WORK REQUIRED:
Skip pictures in the listing below; copy exactly the lines from the one with "SIMATIC HMI TP1200 Comfort Pro" through the one with "用途 | 广告宣传、 夜市赶集、 展销乘凉、 围布挡风 | ||", inclusive.

RECORDS SHOWN:
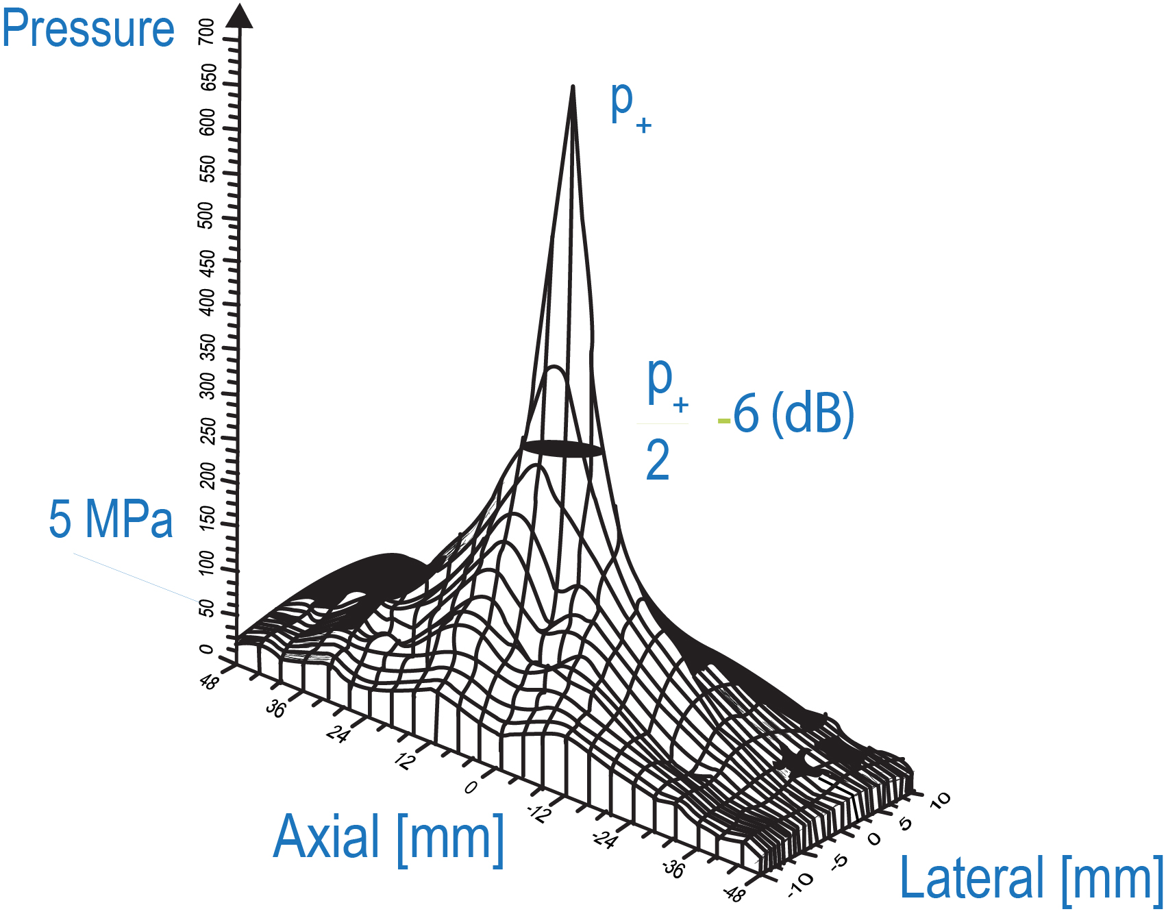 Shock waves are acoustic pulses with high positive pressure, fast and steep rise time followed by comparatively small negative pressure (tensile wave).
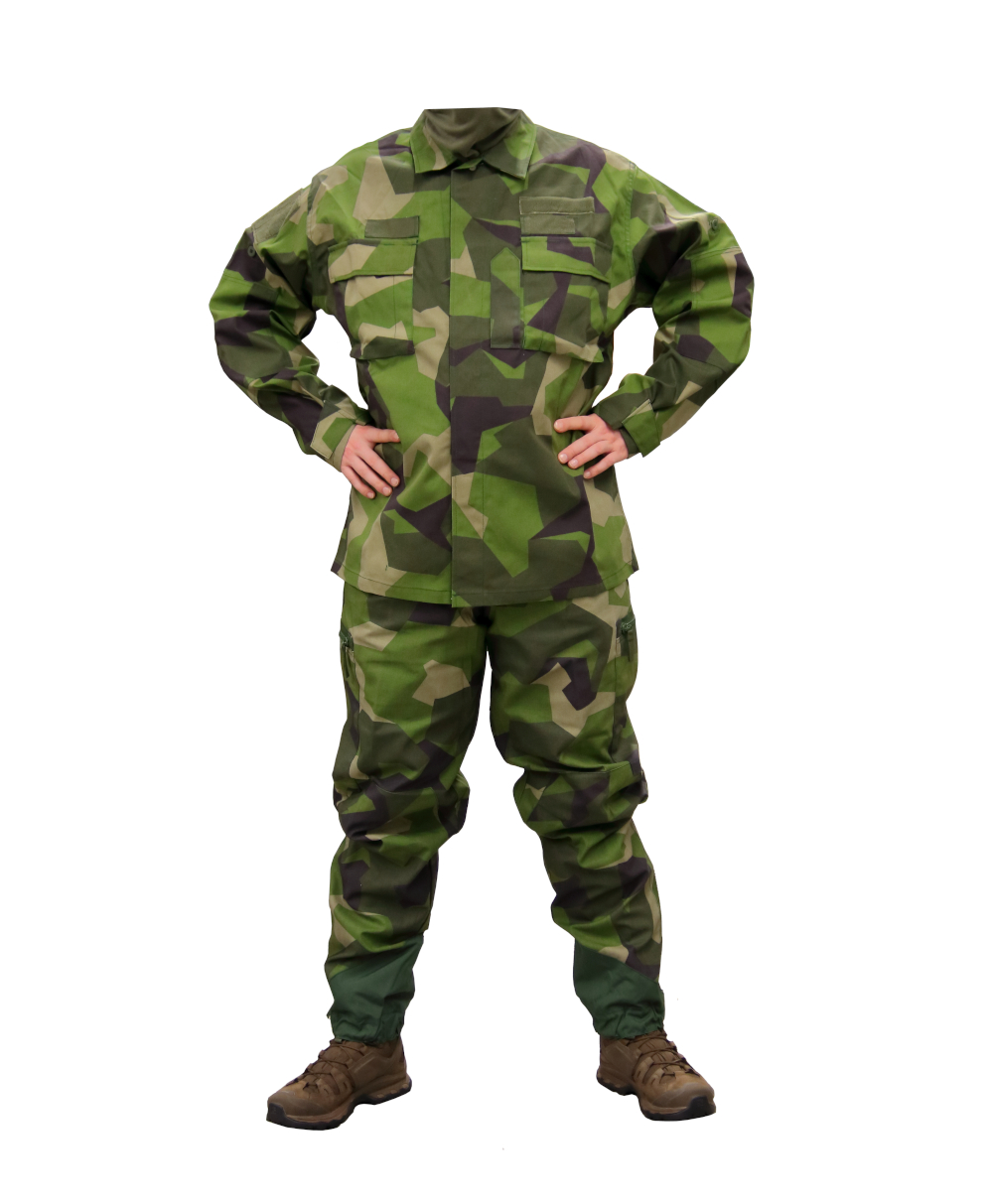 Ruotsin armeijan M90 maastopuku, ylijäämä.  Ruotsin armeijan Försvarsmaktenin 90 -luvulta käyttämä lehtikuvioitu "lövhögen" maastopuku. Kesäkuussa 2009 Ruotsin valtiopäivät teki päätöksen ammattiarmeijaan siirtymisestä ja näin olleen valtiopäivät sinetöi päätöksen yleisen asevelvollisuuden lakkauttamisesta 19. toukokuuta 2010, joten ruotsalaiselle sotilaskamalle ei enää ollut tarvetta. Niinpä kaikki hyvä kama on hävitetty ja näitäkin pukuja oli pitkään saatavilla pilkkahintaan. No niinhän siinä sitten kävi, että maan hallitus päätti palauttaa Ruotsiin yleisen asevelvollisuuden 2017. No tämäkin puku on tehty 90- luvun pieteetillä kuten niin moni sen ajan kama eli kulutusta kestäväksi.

...

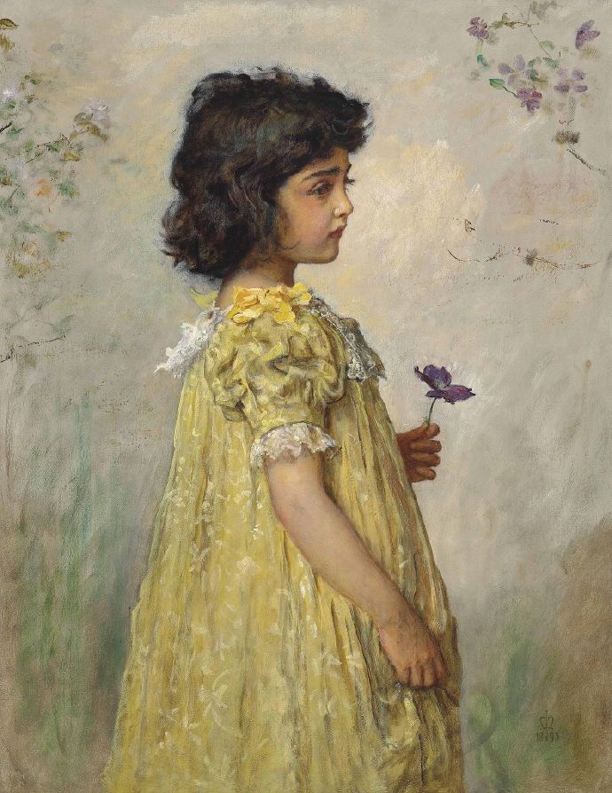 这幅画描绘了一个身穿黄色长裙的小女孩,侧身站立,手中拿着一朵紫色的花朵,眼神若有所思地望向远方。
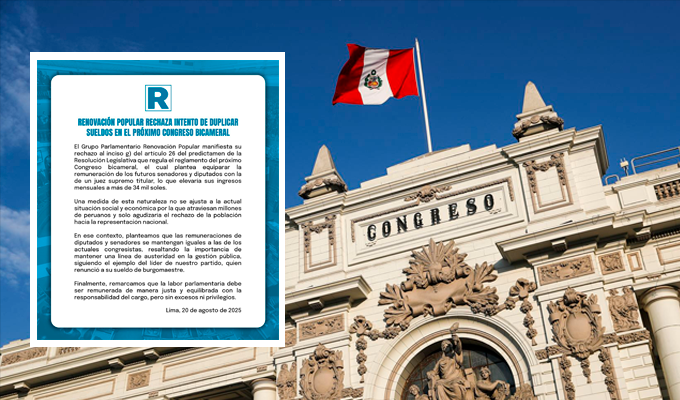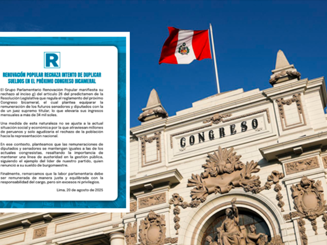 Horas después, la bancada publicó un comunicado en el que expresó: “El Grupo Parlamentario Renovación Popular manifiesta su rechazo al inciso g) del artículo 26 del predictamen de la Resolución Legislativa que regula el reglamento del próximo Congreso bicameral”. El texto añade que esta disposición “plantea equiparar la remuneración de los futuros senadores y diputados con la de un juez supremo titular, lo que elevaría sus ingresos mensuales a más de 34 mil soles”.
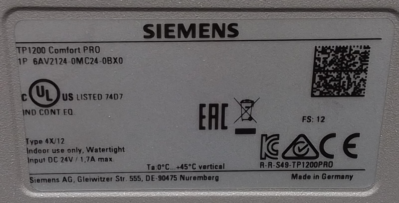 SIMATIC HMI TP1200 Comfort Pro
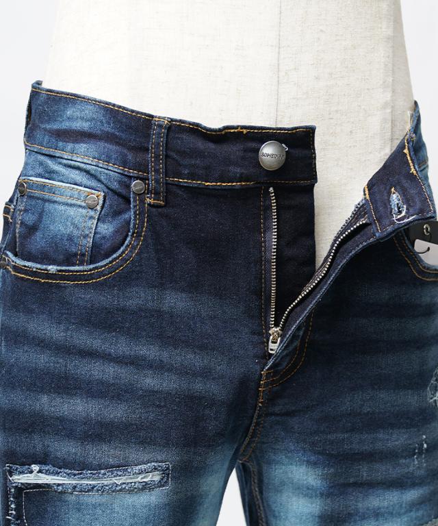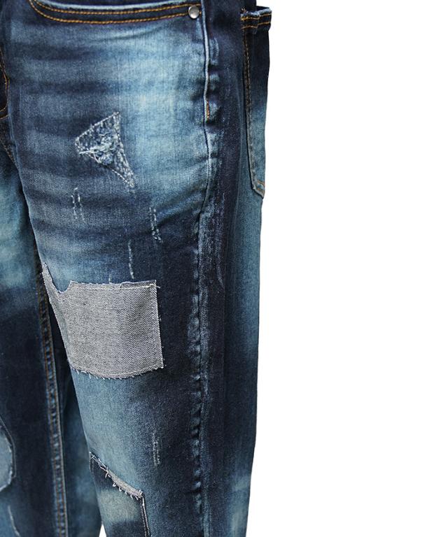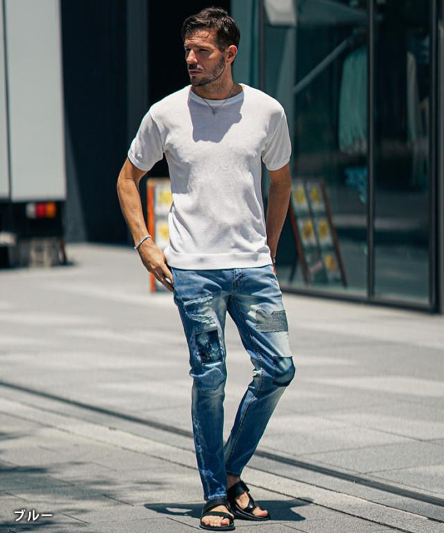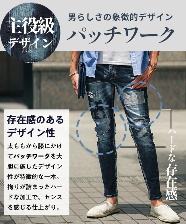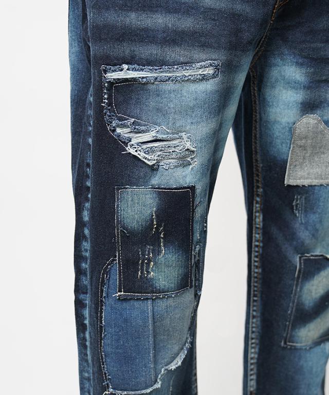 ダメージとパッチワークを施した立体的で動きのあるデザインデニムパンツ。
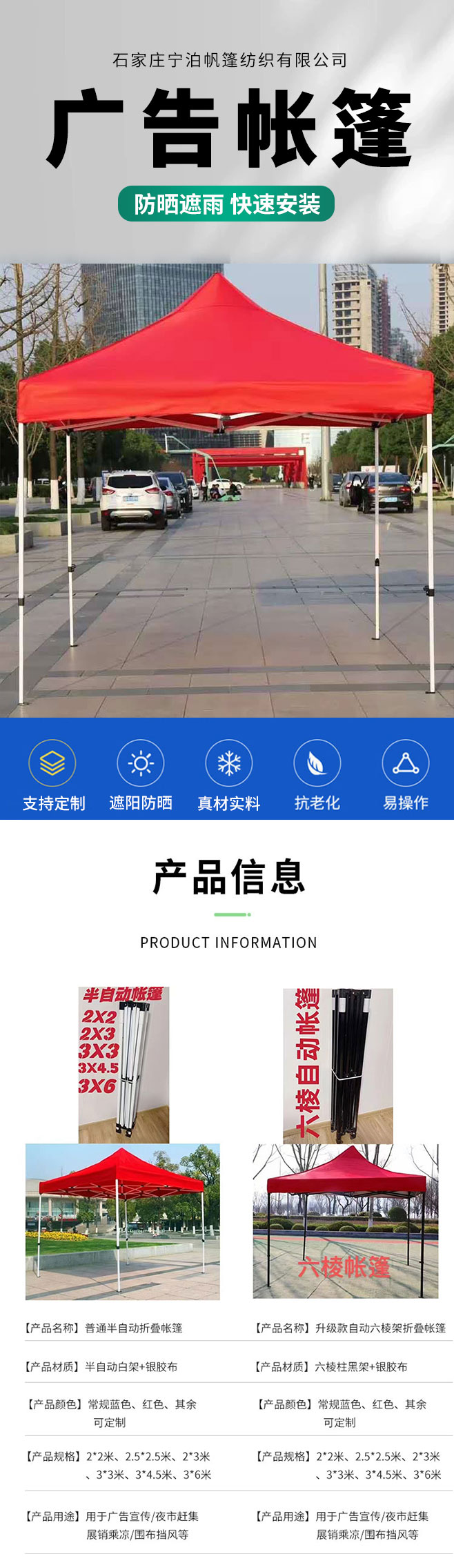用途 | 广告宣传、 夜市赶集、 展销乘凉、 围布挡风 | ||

RESPONSE FOR THIS EXERCISE:
 SIMATIC HMI TP1200 Comfort Pro
 ダメージとパッチワークを施した立体的で動きのあるデザインデニムパンツ。
用途 | 广告宣传、 夜市赶集、 展销乘凉、 围布挡风 | ||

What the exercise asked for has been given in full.